Latest War is a Defense Bureaucrat's Dream
Two airmen, Jones and Davis, were assigned to the induction center, where they advised new recruits about their government benefits, especially their GI insurance. Airman Davis went right to it with an enthusiastic pitch.
“Could I have everyone from row three to row one stand up please?” he projected through the center. The men stood up.
“Men… the boys upstairs are sayin’ one out of every five of us won’t make it back home outside a wooden crate… that’s everyone standing up in this room.” There was silence.
“Do you have kids? A wife?
“You wanna go out there… into the fray, knowing if something happens to you, they’ll have nothin’?
“Men, it’s your duty… GI insurance will give you the peace of mind to go out there and get the job done right.”
Capt. Smith, the supervisor, was impressed. The men were signing up… some of them were white as a bleached sheet. Airman Davis’ success rate was 40%! The goal had been 30%
But Capt. Smith couldn’t help by glance over at Airman Jones. He noticed Jones was having a staggeringly high success rate, selling insurance to nearly 100% of the recruits he advised.
Rather than ask Jones about it, the captain stood in the back of the room and listened to his sales pitch. Jones explained the basics of the GI insurance to the new recruits, and then said:
“Guys, look… If you have GI insurance and go into battle and are killed, the government has to pay $200,000 to your beneficiaries. If you don’t have GI insurance and you go into battle and get killed, the government has to pay only $6,000.
“Now,” he concluded, “which group do you think they are going to send into battle first?”
And we bet that was before the spending cuts… Decisions, decisions.
The Pentagon is in a pickle. It has expensive tastes: war, tomorrow’s gadgets, employing nearly half a million people and a first-rate military with all the bells, whistles and toys. It even likes its cost-cutting initiatives to be expensive…
But those things cost money, and there’s no more moolah. So it’s forced to prioritize.
Ugh. If only there were some newfangled type of warfare. Something cheaper, cleaner, less taboo… but that posed more of a threat than traditional types of warfare. Then the Pentagon could keep its funding… maybe even increase it.
It would be a DoD bureaucrat’s dream.
Hrmm… huh?… What’s this? “DCAF Horizon 2015 Working Paper on Cyberwarfare.”
(Flips open the report’s cover.)
Hmm… it says here:
“More frequently, cyberwar is presented as a new kind of war that is cheaper, cleaner, with less or no bloodshed, and less risky for an attacker than other forms of armed conflict. This seems to make cyberwar attractive.”
“Welcome to the fifth domain of war” interjects our mil-tech maven Byron King.

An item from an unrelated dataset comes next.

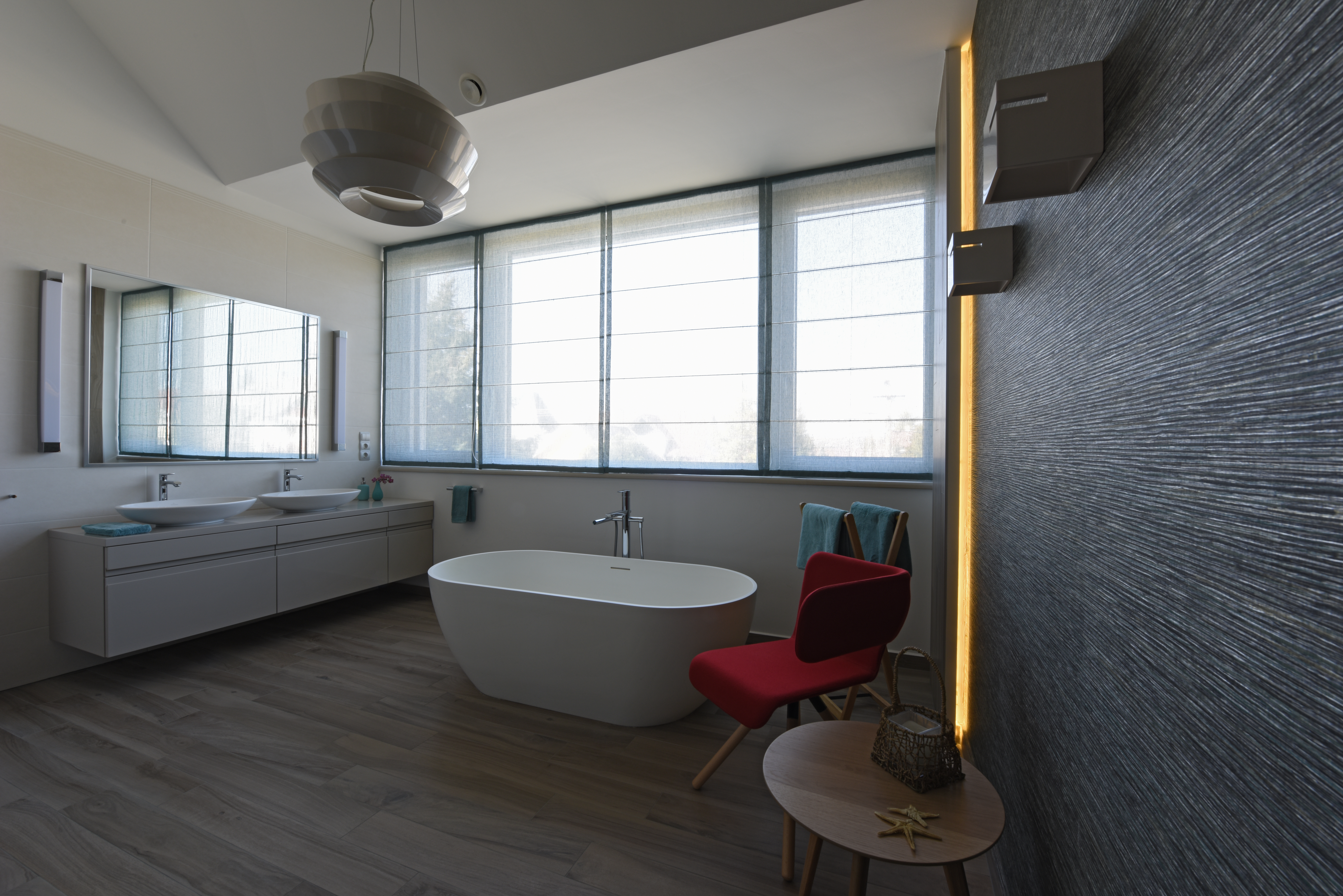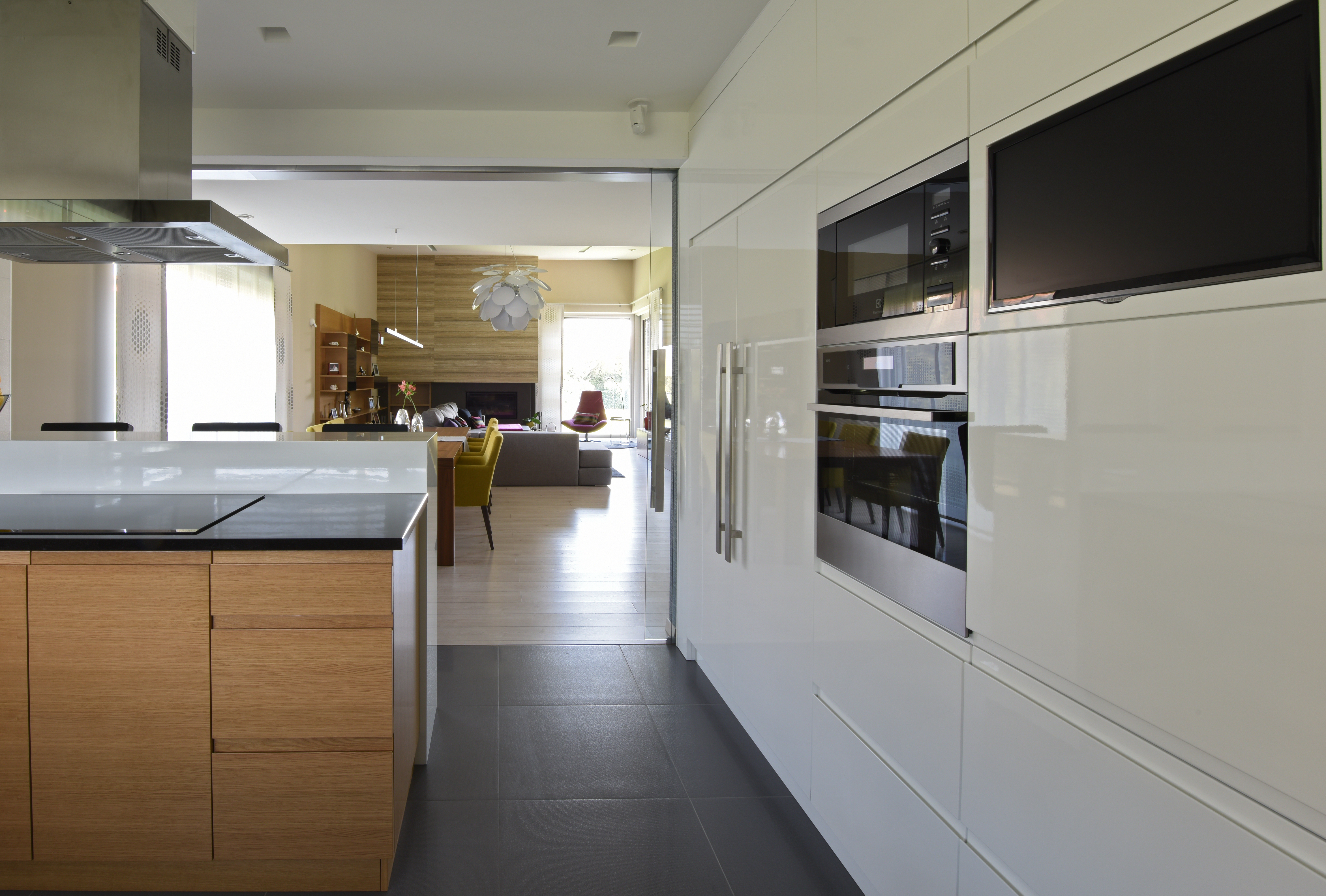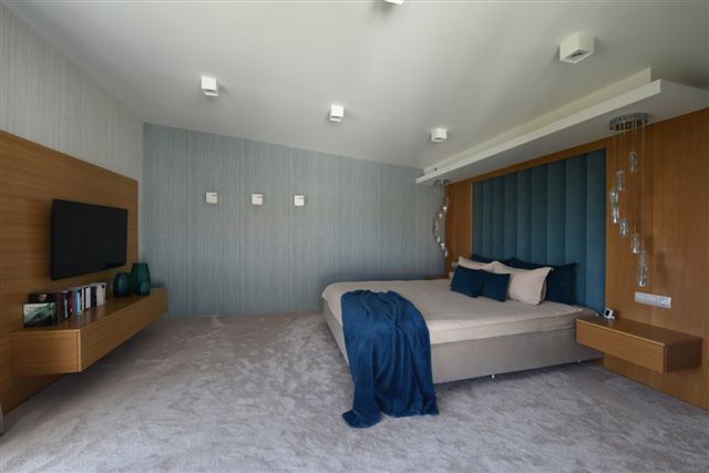 Feladat: Fiatal pár új építésú családi házának belső kialakítása két, szeparált magán szférával, illetve a közös terek minél tágasabb hatásának megtartásával. A hosszútávra tervezett, visszafogott, ám minőségi anyaghasználat mellett karakteres színek megjelenését is kérték.

“The latest battlefield after land, sea, air and space. War isn’t strictly kinetic anymore. The limit of an army’s reach is no longer the range of its biggest gun.”
“Iran’s conventional military doesn’t rank in the world’s top 10,” says Byron. “Despite having more than a million men under arms and several thousand armored fighting vehicles and combat aircraft, it’s doubtful that Iran could survive a conventional war.”
But that’s a moot point. According to Byron, a recent study by the Atlantic Council classified Iran as a tier-three cyber military. That means it can cause significant harm to civilian networks within the U.S., if not in the government.
Now some Iranian in his PJs on his laptop and jamming out to Spotify and sipping kashk, can wreak havoc stateside… it doesn’t matter how mighty our warships are.
No wonder the Pentagon is soiling itself. We would be too if we were spending half a trillion dollars each year… only to wake up one day and find the rules had been rewritten.